Ketika wartawan mencoba mencari kejelasan mengenai kebijakan ini, salah satu panitia mengungkapkan bahwa tidak ada anggaran untuk media luar. Selain itu, panitia menyebut bahwa kecamatan telah memiliki media sendiri untuk mendokumentasikan kegiatan tersebut. Namun, tidak dijelaskan lebih lanjut apakah yang dimaksud dengan media tersebut adalah media pers resmi atau sekadar dokumentasi internal biasa. Hal ini menimbulkan pertanyaan besar, terutama mengenai sejak kapan lembaga pemerintahan memiliki media pers pribadi yang berwenang membatasi akses peliputan wartawan independen.
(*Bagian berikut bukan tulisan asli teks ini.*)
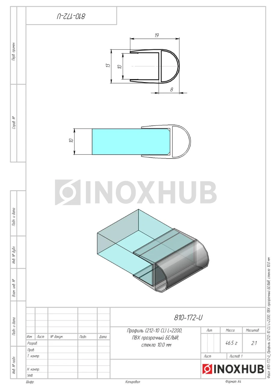 Профиль (212-10 CL), L=2200, стекло 10.0 мм, ПВХ прозрачный БЕЛЫЙ

Keputusan tersebut memicu kekhawatiran serius terkait transparansi dan kebebasan pers dalam meliput kegiatan pemerintahan yang berdampak langsung pada kepentingan masyarakat. Sejumlah jurnalis menilai bahwa Musrenbang merupakan forum publik yang seharusnya terbuka untuk peliputan media tanpa pembatasan. “Musrenbang adalah ajang penyampaian aspirasi masyarakat. Mengapa wartawan harus dibatasi untuk meliputnya? Ini justru mengaburkan keterbukaan informasi kepada publik,” ujar salah satu jurnalis lokal yang hadir di lokasi.

Selain itu, para wartawan mempertanyakan apakah ada regulasi resmi yang membatasi peliputan media dalam acara publik seperti Musrenbang. Mereka menegaskan bahwa pembatasan ini berpotensi bertentangan dengan Undang-Undang Nomor 14 Tahun 2008 tentang Keterbukaan Informasi Publik (KIP) serta Undang-Undang Nomor 40 Tahun 1999 tentang Pers, yang menjamin kebebasan pers untuk mengakses dan menyebarluaskan informasi kepada masyarakat.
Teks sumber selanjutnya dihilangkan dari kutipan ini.